But after watching his investments fall by about 50% last year, he started trading individual stocks and options full-time last fall. He generally buys stocks at the start of the trading day — lately, it’s been bank stocks — and sells them a few hours later. “I just got tired of putting money away and losing it,” says the 31-year-old. He says he’s doubled his money since he started trading full-time.

…Mr. Catalano trades mostly stocks and exchange-traded funds, usually four to five times a week. He writes covered-call option contracts to generate income off his shares, a tactic that could lose him some of the upside if share prices rise substantially. Since he started trading in September, he is down about 5% but has done better than the market.
… “The problem I have with the buy-and-hold strategy is that it’s a bull-market strategy,” say Matthew Tuttle, a financial adviser in Stamford, Conn. “In the bust, you give all of your profits back.” Mr. Tuttle has recently taken a more active approach to trading. While short-term investors are likely to face higher tax bills — since short-term gains are taxed at higher rates than long-term gains — he notes that some people who incurred big losses last year will be able to carry those losses forward to offset taxes in future years.

…The uncertain environment has prompted David Dilley of Bonita Springs, Fla., to trade more frequently. The 76-year-old retiree believes there has been a “sea change” in economic philosophy … So, while he had considered himself a longtime buy-and-hold investor, he’s now trading Canadian oil trusts in his E*Trade account several times a week. Mr. Dilley didn’t provide exact numbers but says he’s beating the broader market averages so far this year.

…Sue Cirillo of Pelham Manor, N.Y., used to hold on to household names such as Apple. But last fall, she sold some of her longtime holdings, moved to cash and started trading. “The difference between now and then is that when I’ve made money, I take it off the table and look for the next opportunity,” says the 47-year-old music producer. “Before, I was more focused on companies that I felt were going to be profitable.” Now, she pays attention to daily market swings, subscribes to online advice services such as Mr. Parness’s for trading ideas, and has recently learned to short stocks.

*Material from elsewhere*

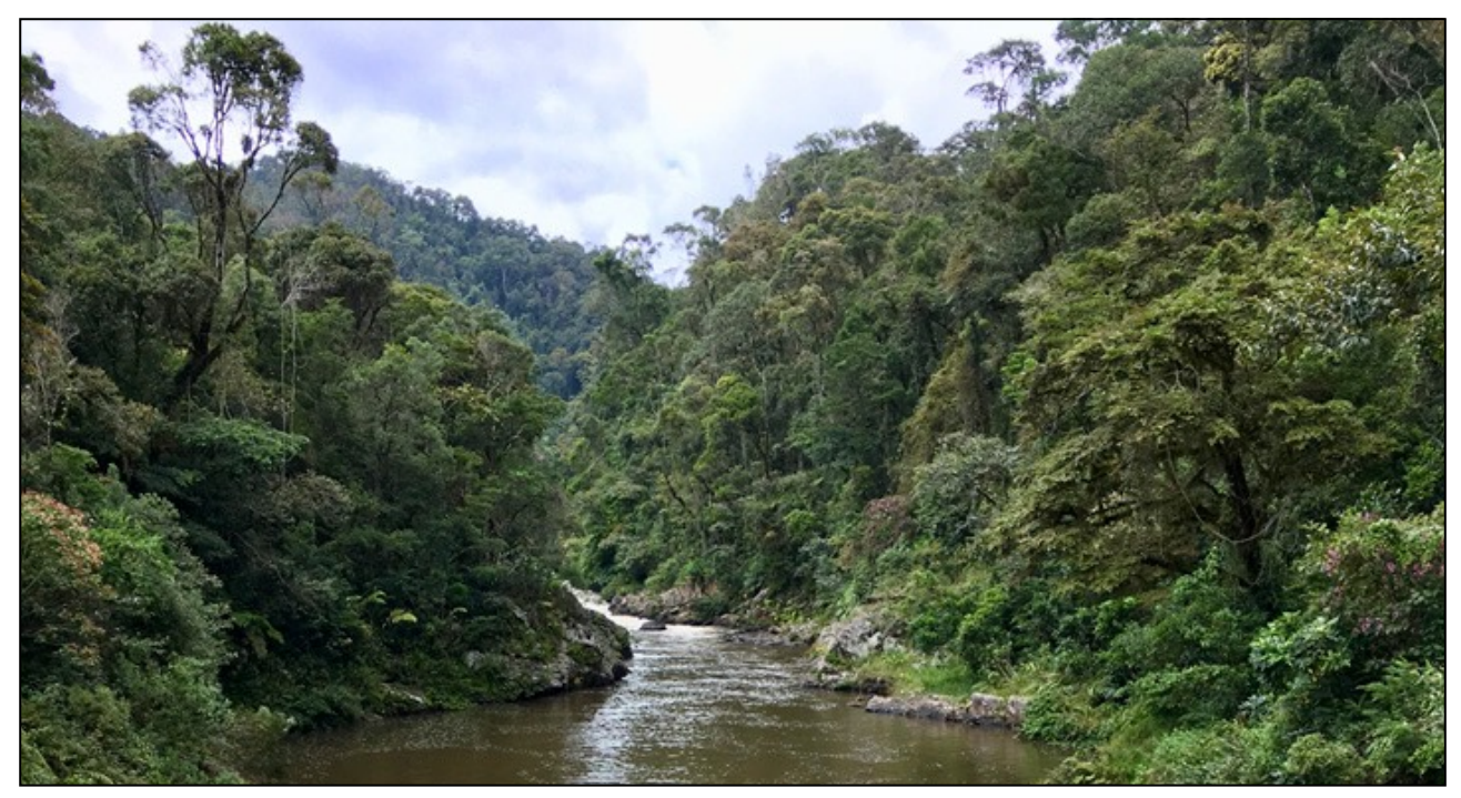
Ranomafana NP holds some of the most impressive patches of rainforest in Madagascar

…Mark Swenson of southern New Hampshire says he typically trades with exchange-traded funds, instead of buying individual stocks. The 40-year-old says he started trading for the first time last October, in part to generate additional income in case his work as a plumber dried up. Although he says he got “slaughtered” when he first started trading, he says that he has since made up much of that initial loss and that it’s easier for him to trade than do nothing.

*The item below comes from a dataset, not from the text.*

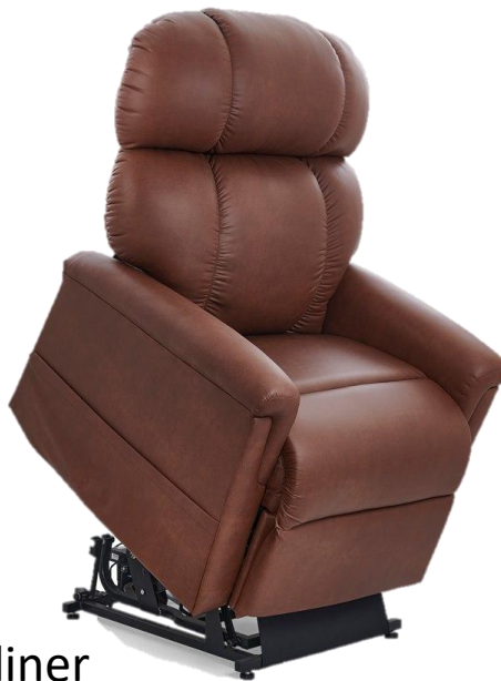
Seat Lift Recliner

“I could no longer stomach it — watching my money disappear,” he says. “For right now, it’s a traders’ market. Until I get the sense that the market is on the rise, I generally don’t plan on doing any buying and holding — not for the long term.”

…Linda Smith of Denver fired her broker, saying it was a waste of money to pay her adviser 1.5% in annual fees for picking mutual funds she believed she could pick herself. “No one on this planet knows better what to do with my finances than me,” says the 53-year-old. For the year, she figures her portfolio is up about 5%, including the interest from her CDs. “Nobody can time the market 100% correctly 100% of the time,” she says. “However, that doesn’t mean you can’t get lucky now and then.”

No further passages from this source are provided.